Sunday, October 7, 2012

Green Lantern #13 - A Review

Despite the cover noting that this is the first part of the Rise Of The Third Army crossover event, Green Lantern #13 barely touches upon The Third Army and their slow spread across the Earth.  Most of this issue is focused upon Simon Baz - a troubled young man who turned to thievery to support his family and had the misfortune to steal a car with a bomb in it that the police were watching.  Baz is now a suspected terrorist and - thanks to his sudden rescue by a Green Lantern ring - a noteworthy enough of a threat to be brought to the attention of The President.

Incidentally, the President in the New 52 DC Universe is apparently Barack Obama, though he isn't mentioned by name.  Just a little note there for you trivia fans who keep track of this sort of thing.


Writer Geoff Johns seems less interested in the big event than he is exploring this new character and the reality of Green Lanterns in the New 52 universe.  Surprisingly, this info-dump between The President and Amanda Waller early in the issue proves to be effective expositon.  One of the biggest problems with the New 52 so far is that many writers haven't taken the time to truly explore the new universe and explain things that could be taken as holy writ before.  In this case, we learn several factoids like the US Government is aware of Hal Jordan's secret identity but they have no idea who Kyle Rayner is.

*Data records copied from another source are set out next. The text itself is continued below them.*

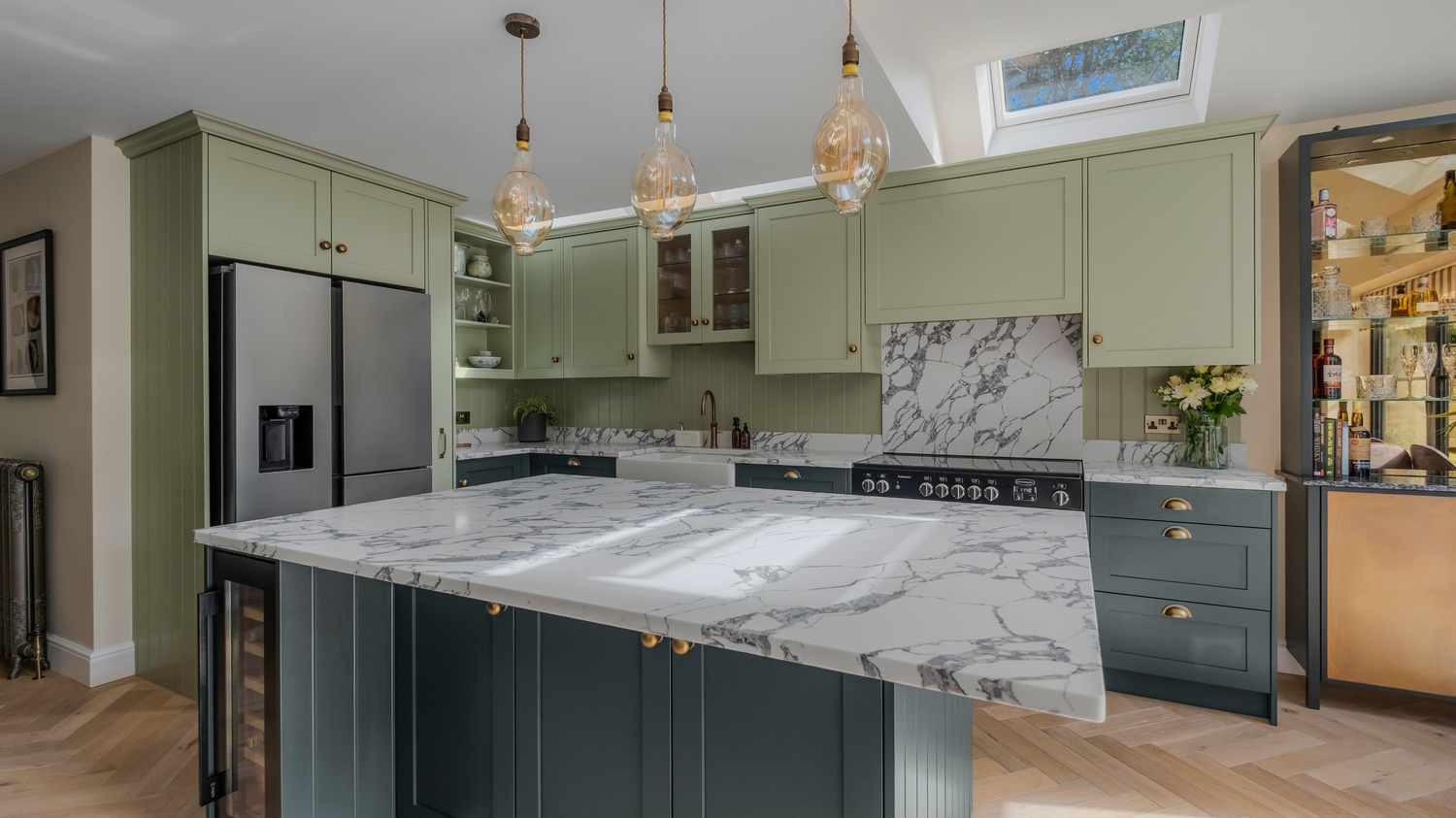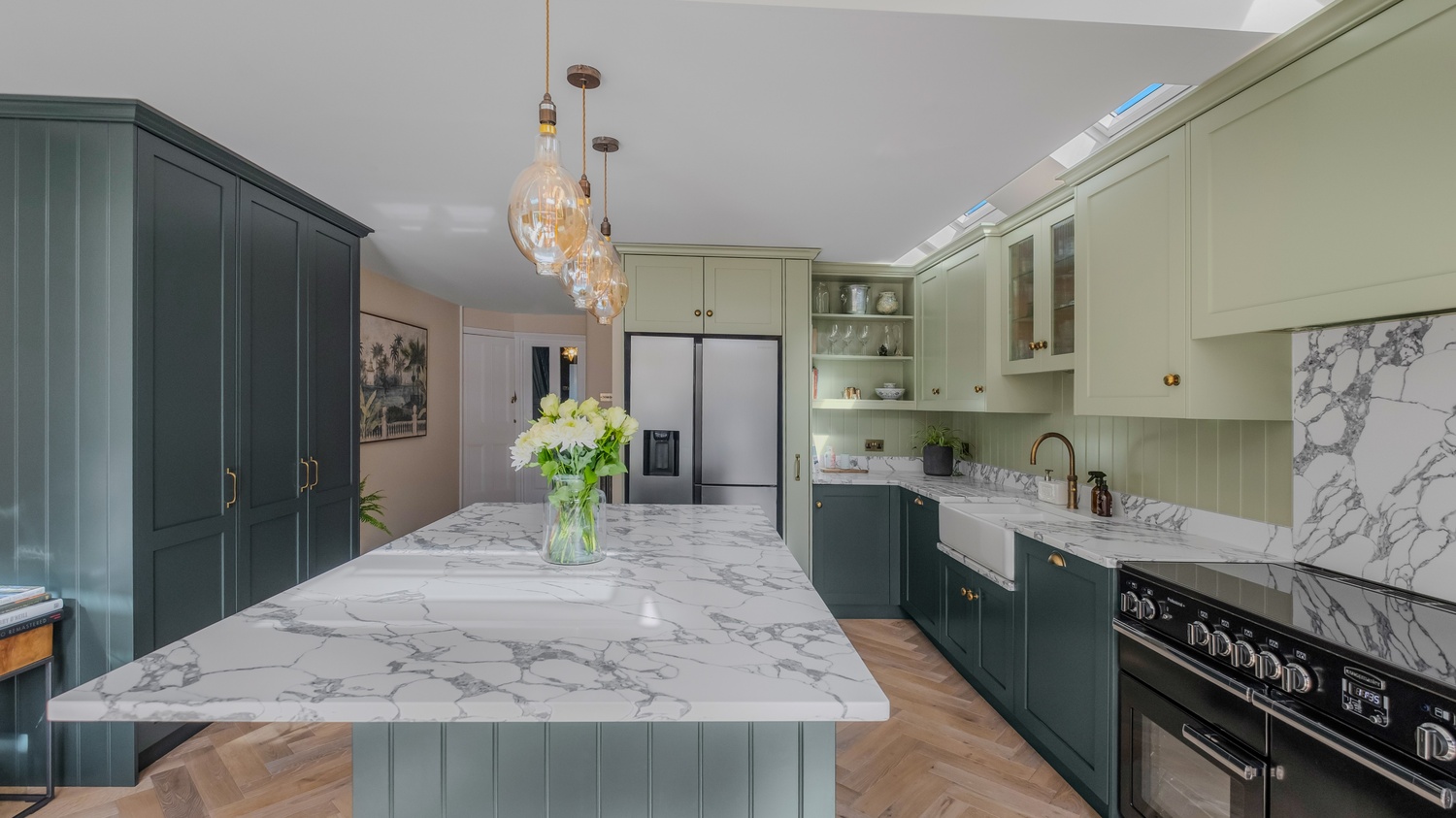 Two-tone green cabinetry that feels both warm and contemporary.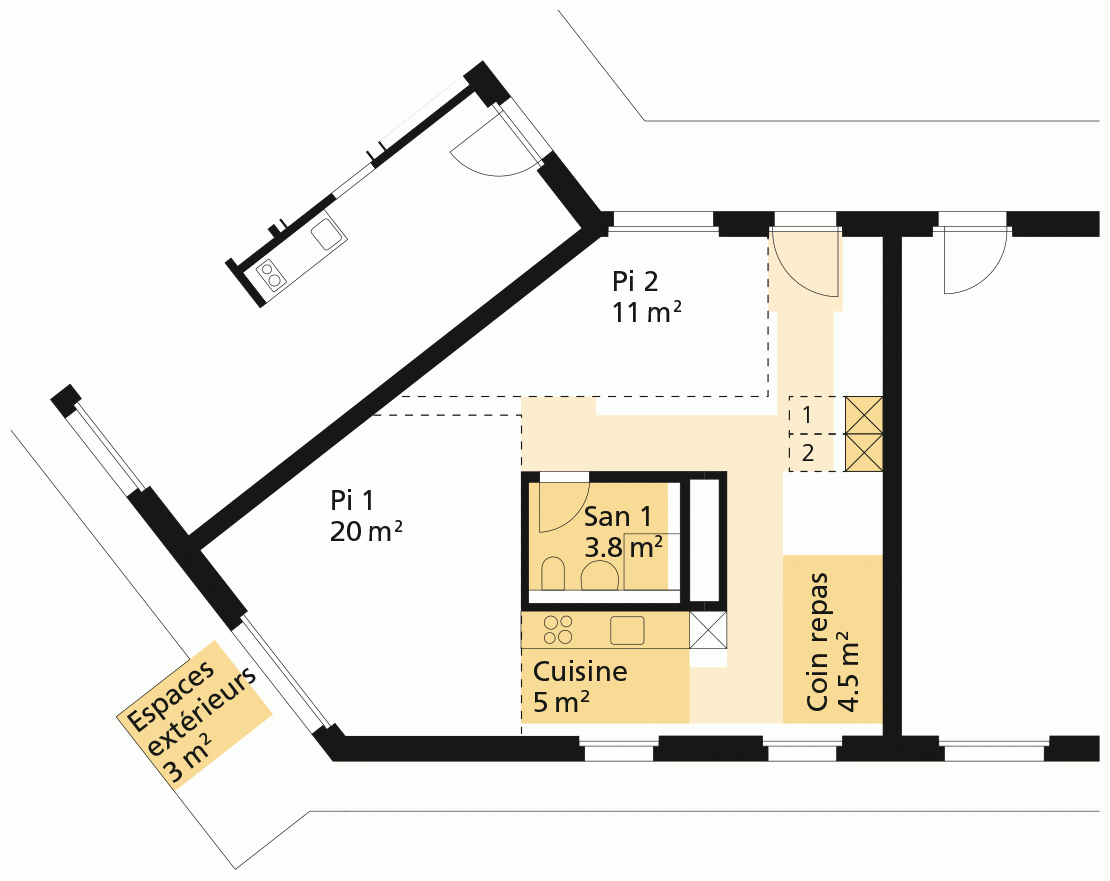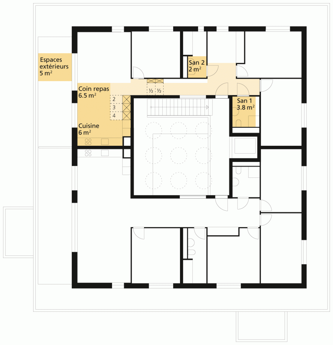 A côté des pièces sans distinction d’affectation, des zones d’utilisation sont définies à l’intérieur du logement. Voir également à ce propos le tableau des équipements de base.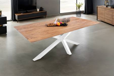 Die Kombination unserer metallenen Tischgestelle mit der massiven, naturbelassenen Holzplatte ergibt die perfekte Symbiose aus Natürlichkeit und modernem Touch.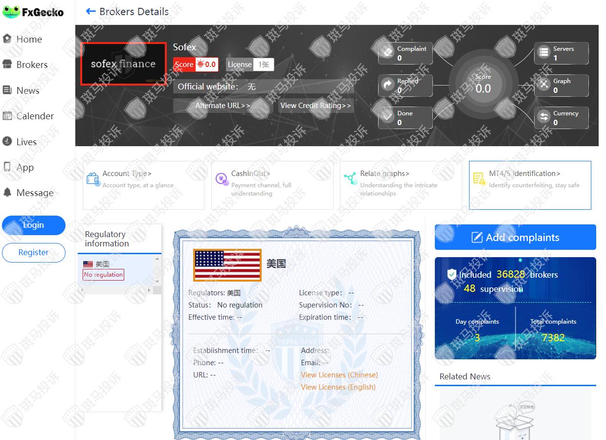 This broker is called Sofex, which has been established for one year and ranks 4767 in the world. At present, there are 0 foreign exchange licenses, and the risk scan shows 1 risks. Investors need to pay attention to relevant risks.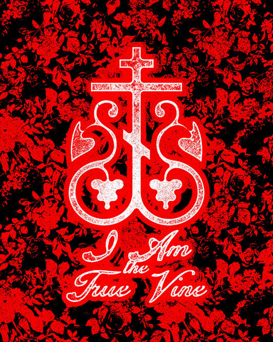 I Am the True Vine (John 15:1) | Orthodox Cross Vine Monogram | Red and Black Floral Design | Orthodox Christian T-Shirt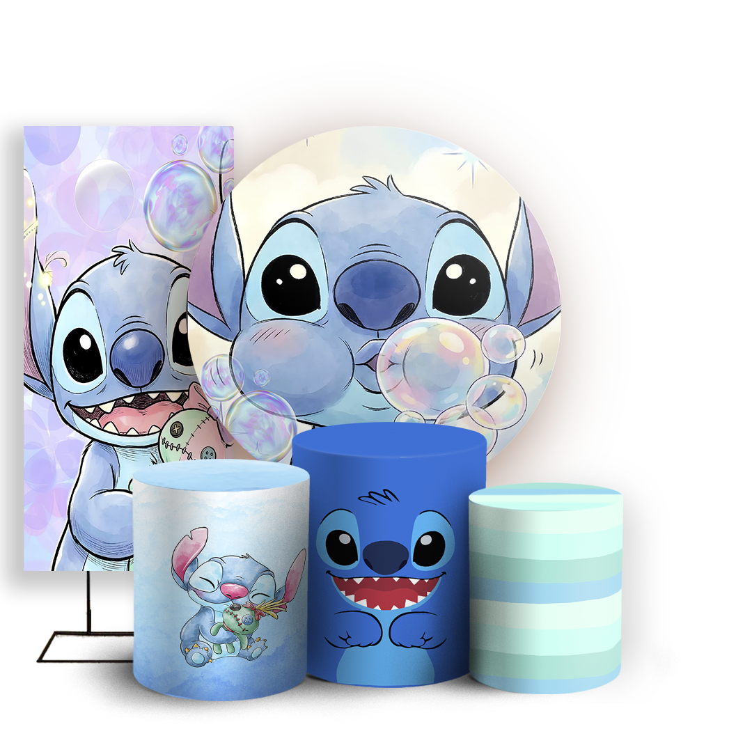 Capas Painel Redondo Trio Cilindro e Faixa Lateral Sublimado - Stitch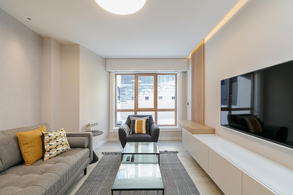 Santiago’s Apartment es un apartamento de diseño, en un edificio con portero físico 24h, en una calle con mucha luz y recién renovada. Garaje en el edificio. Y a 30 sg de la salida de la AP-9. Se puede ir a pie a c/ Príncipe, Casco viejo, el puerto… todo a un paseo. Las valoraciones son muy buenas, deseo que tú te vayas con igual sensación que las otras personas. Si te orienta para saber si es ideal para ti, los huéspedes han sido parejas de vacaciones y personas para estancias de trabajo.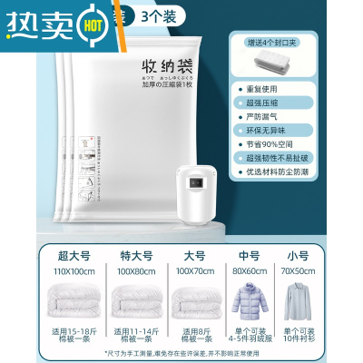 敬平真空压缩袋收纳袋衣物衣服被子家用抽空气棉被行李箱专用袋子1487 3个+送电泵 特大号(100*80cm)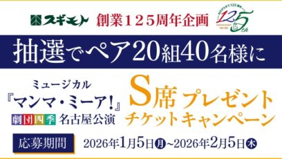 杉本食肉産業株式会社‐劇団四季ミュージカル『マンマ・ミーア!』名古屋公演S席ペアチケットプレゼントキャンペーン 賞品:劇団四季ミュージカル『マンマ・ミーア!』S席ペアチケット(...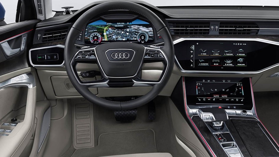 von 15: Neben der inzwischen üblichen Assistenten-Armada, die beim A6 in die beiden separat zu bestellenden Pakete "Stadt" und "Tour" aufgedröselt ist, wird der Technikreigen auch um Luftfederung – als Krönung der vier Fahrwerksoptionen – und Allradlenkung ergänzt.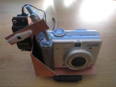 Für das Grundgerüst des Auslösers habe ich einfach ein paar Kupferplatinen zugeschnitten (mit einer kleinen Hebelblechschere), die Kanten verlötet und mit Bohrungen versehen. An den Arm des Servos habe ich eine Schloßschraube angebracht, die per Federkraft auf den Knopf der Kamera drückt - damit umgehe ich das Problem, dass evtl. der Knopf beschädigt wird, weil vielleicht zu fest/schnell gedrückt wird.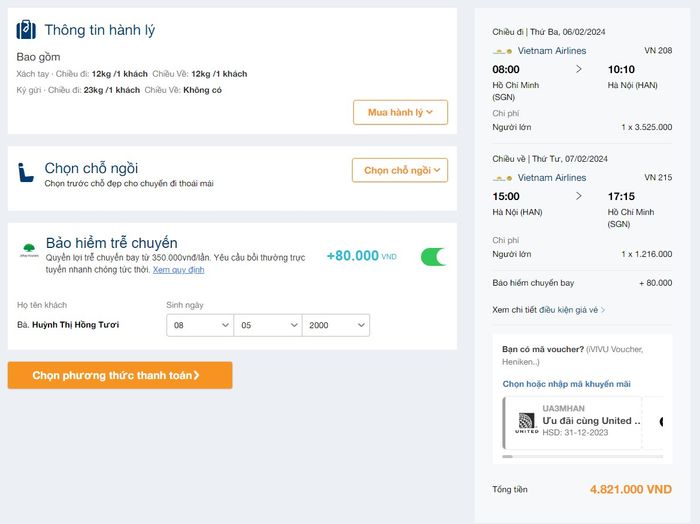 Bước 5: Thanh toán và hoàn tất đặt vé:

Despite the opening scenes explaining a lot, the strongest parts of the issue are the scenes where Simon learns how to use his new powers and tries to find a direction for himself.  We learn a lot more about Simon's family life in this issue and confirm what was suggested in Green Lantern #0 - he's a basically good man who made some bad choices.  To his credit, Baz seems determined to fix those mistakes or, at the very least, shield his family from the consequences of his actions.


Doug Mahnke's continues to be one of the best artists in the business.  We don't get to see much of the prowess he's displayed in the past this time around, as there's very little action in this issue and Baz has yet to start forming constructs.  Still, Mahnke provides each scene with a subtle dynamic flow and the few action scenes we have move along nicely.  And despite apparently having five inkers work on this issue, the shading proves consistent throughout.

If you haven't started reading Green Lantern yet, this would be a fine issue to start with.  The character concept and reality explain themselves pretty well and the art looks amazing, even though there's not much action in this issue.